The array has lots of data and I need to delete two elements.
Below is the code snippet I am using,
my @array = (1,2,3,4,5,5,6,5,4,9);
my $element_omitted = 5;
@array = grep { $_ != $element_omitted } @array;
Use splice if you already know the index of the element you want to delete.
Grep works if you are searching.
If you need to do a lot of these, you will get much better performance if you keep your array in sorted order, since you can then do binary search to find the necessary index.

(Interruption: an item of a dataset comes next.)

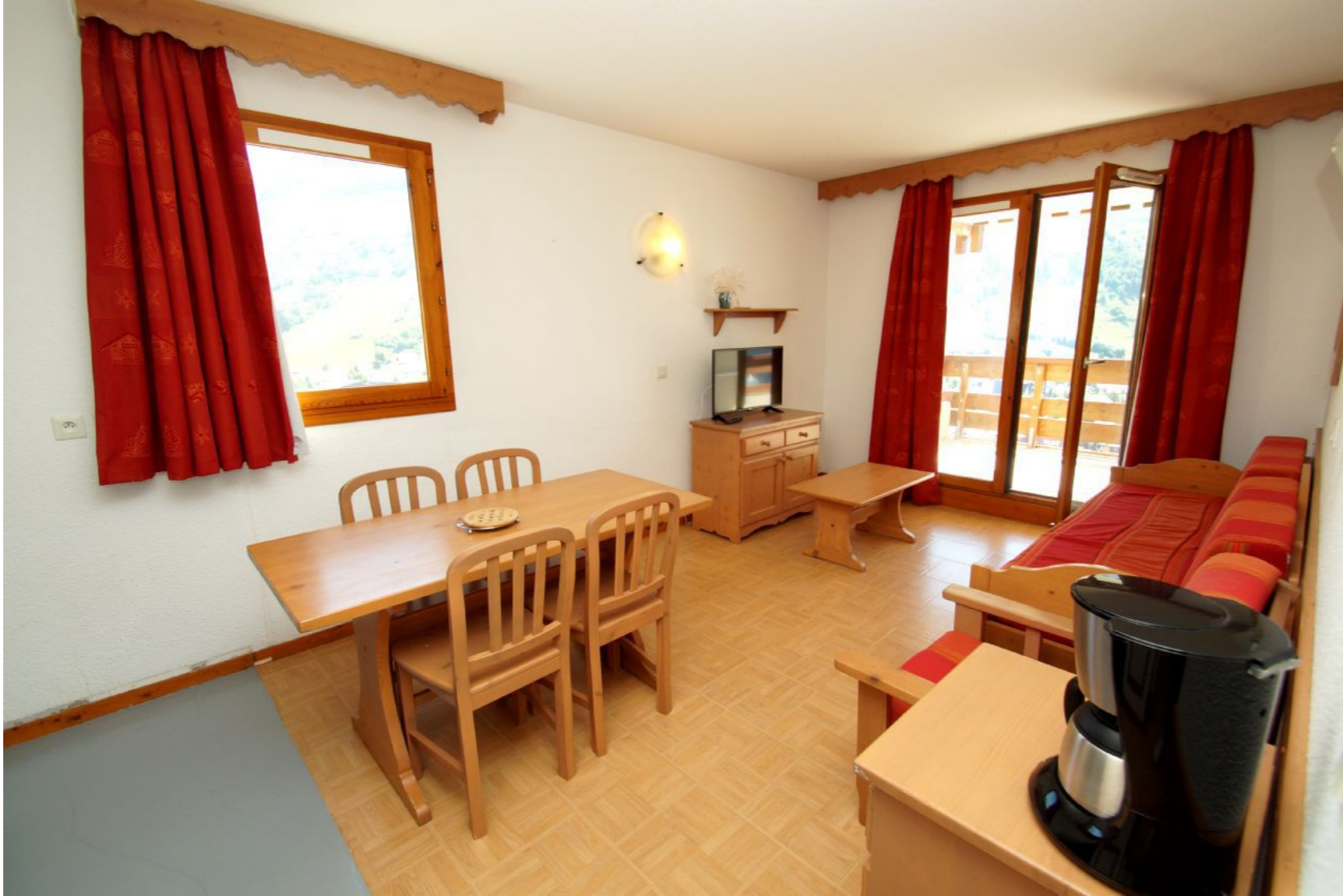
Apartment BALCON DU SOLEIL 203 LES DEUX ALPES

If it makes sense in your context, you may want to consider using a "magic value" for deleted records, rather then deleting them, to save on data movement -- set deleted elements to undef, for example. Naturally, this has its own issues (if you need to know the number of "live" elements, you need to keep track of it separately, etc), but may be worth the trouble depending on your application.
Edit Actually now that I take a second look -- don't use the grep code above. It would be more efficient to find the index of the element you want to delete, then use splice to delete it (the code you have accumulates all the non-matching results..)
my $index = 0;
$index++ until $arr[$index] eq 'foo';
splice(@arr, $index, 1);
That will delete the first occurrence. Deleting all occurrences is very similar, except you will want to get all indexes in one pass:
my @del_indexes = grep { $arr[$_] eq 'foo' } 0..$#arr;
The rest is left as an excercise for the reader -- remember that the array changes as you splice it!
Edit2 John Siracusa correctly pointed out I had a bug in my example.. fixed, sorry about that.